▼▼▼

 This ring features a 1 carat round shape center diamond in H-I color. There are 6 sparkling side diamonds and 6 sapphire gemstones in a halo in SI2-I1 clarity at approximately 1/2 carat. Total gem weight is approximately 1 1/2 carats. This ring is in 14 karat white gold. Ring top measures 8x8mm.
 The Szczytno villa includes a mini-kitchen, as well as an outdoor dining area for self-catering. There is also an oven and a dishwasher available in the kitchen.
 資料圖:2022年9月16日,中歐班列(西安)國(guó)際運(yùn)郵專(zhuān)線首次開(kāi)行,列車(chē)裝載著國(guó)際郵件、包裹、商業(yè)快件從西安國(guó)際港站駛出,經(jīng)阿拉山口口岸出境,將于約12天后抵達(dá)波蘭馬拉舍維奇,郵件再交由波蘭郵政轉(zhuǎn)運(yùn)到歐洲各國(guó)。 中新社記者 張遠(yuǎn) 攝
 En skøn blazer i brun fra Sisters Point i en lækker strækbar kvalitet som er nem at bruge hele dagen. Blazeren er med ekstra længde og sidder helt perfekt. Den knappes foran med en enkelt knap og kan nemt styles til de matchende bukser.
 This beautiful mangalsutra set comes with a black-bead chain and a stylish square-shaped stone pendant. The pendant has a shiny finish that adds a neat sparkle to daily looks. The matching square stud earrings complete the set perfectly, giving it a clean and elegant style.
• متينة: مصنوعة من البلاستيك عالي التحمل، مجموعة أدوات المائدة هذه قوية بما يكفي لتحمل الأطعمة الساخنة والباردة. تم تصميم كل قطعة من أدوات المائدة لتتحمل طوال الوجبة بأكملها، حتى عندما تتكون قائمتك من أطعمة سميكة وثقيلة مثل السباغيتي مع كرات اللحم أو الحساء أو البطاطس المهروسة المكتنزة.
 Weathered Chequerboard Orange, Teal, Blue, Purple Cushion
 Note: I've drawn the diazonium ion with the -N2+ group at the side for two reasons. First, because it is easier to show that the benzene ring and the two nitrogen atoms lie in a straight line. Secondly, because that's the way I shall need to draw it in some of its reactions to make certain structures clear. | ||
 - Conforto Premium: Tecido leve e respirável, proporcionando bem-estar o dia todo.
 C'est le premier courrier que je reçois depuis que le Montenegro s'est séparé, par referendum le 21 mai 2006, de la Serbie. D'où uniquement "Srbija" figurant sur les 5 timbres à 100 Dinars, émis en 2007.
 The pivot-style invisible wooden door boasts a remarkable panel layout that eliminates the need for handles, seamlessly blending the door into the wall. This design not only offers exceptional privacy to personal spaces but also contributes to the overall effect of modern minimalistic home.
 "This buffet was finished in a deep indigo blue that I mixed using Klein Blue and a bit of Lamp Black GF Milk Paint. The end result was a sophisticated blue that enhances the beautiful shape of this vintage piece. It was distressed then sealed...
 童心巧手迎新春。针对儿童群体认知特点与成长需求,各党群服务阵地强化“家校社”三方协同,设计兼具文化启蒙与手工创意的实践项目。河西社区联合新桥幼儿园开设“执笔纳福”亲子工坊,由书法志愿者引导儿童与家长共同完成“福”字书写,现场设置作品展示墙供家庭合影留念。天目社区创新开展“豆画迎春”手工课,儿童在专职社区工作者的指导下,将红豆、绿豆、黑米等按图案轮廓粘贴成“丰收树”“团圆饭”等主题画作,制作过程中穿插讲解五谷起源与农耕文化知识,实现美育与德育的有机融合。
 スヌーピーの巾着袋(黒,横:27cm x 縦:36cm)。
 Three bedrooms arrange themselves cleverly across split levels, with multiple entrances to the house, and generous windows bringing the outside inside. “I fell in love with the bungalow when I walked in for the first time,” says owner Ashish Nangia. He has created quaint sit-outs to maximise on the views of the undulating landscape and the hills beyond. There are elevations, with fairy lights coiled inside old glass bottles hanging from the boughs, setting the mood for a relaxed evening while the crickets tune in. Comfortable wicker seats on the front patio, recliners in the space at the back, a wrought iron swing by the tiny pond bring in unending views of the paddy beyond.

▲▲▲

(Brief)
Write down again the exact lines running from the beginning of the data to the line containing "C'est le premier", with both ends included.

(Solution for this task)
 This ring features a 1 carat round shape center diamond in H-I color. There are 6 sparkling side diamonds and 6 sapphire gemstones in a halo in SI2-I1 clarity at approximately 1/2 carat. Total gem weight is approximately 1 1/2 carats. This ring is in 14 karat white gold. Ring top measures 8x8mm.
 The Szczytno villa includes a mini-kitchen, as well as an outdoor dining area for self-catering. There is also an oven and a dishwasher available in the kitchen.
 資料圖:2022年9月16日,中歐班列(西安)國(guó)際運(yùn)郵專(zhuān)線首次開(kāi)行,列車(chē)裝載著國(guó)際郵件、包裹、商業(yè)快件從西安國(guó)際港站駛出,經(jīng)阿拉山口口岸出境,將于約12天后抵達(dá)波蘭馬拉舍維奇,郵件再交由波蘭郵政轉(zhuǎn)運(yùn)到歐洲各國(guó)。 中新社記者 張遠(yuǎn) 攝
 En skøn blazer i brun fra Sisters Point i en lækker strækbar kvalitet som er nem at bruge hele dagen. Blazeren er med ekstra længde og sidder helt perfekt. Den knappes foran med en enkelt knap og kan nemt styles til de matchende bukser.
 This beautiful mangalsutra set comes with a black-bead chain and a stylish square-shaped stone pendant. The pendant has a shiny finish that adds a neat sparkle to daily looks. The matching square stud earrings complete the set perfectly, giving it a clean and elegant style.
• متينة: مصنوعة من البلاستيك عالي التحمل، مجموعة أدوات المائدة هذه قوية بما يكفي لتحمل الأطعمة الساخنة والباردة. تم تصميم كل قطعة من أدوات المائدة لتتحمل طوال الوجبة بأكملها، حتى عندما تتكون قائمتك من أطعمة سميكة وثقيلة مثل السباغيتي مع كرات اللحم أو الحساء أو البطاطس المهروسة المكتنزة.
 Weathered Chequerboard Orange, Teal, Blue, Purple Cushion
 Note: I've drawn the diazonium ion with the -N2+ group at the side for two reasons. First, because it is easier to show that the benzene ring and the two nitrogen atoms lie in a straight line. Secondly, because that's the way I shall need to draw it in some of its reactions to make certain structures clear. | ||
 - Conforto Premium: Tecido leve e respirável, proporcionando bem-estar o dia todo.
 C'est le premier courrier que je reçois depuis que le Montenegro s'est séparé, par referendum le 21 mai 2006, de la Serbie. D'où uniquement "Srbija" figurant sur les 5 timbres à 100 Dinars, émis en 2007.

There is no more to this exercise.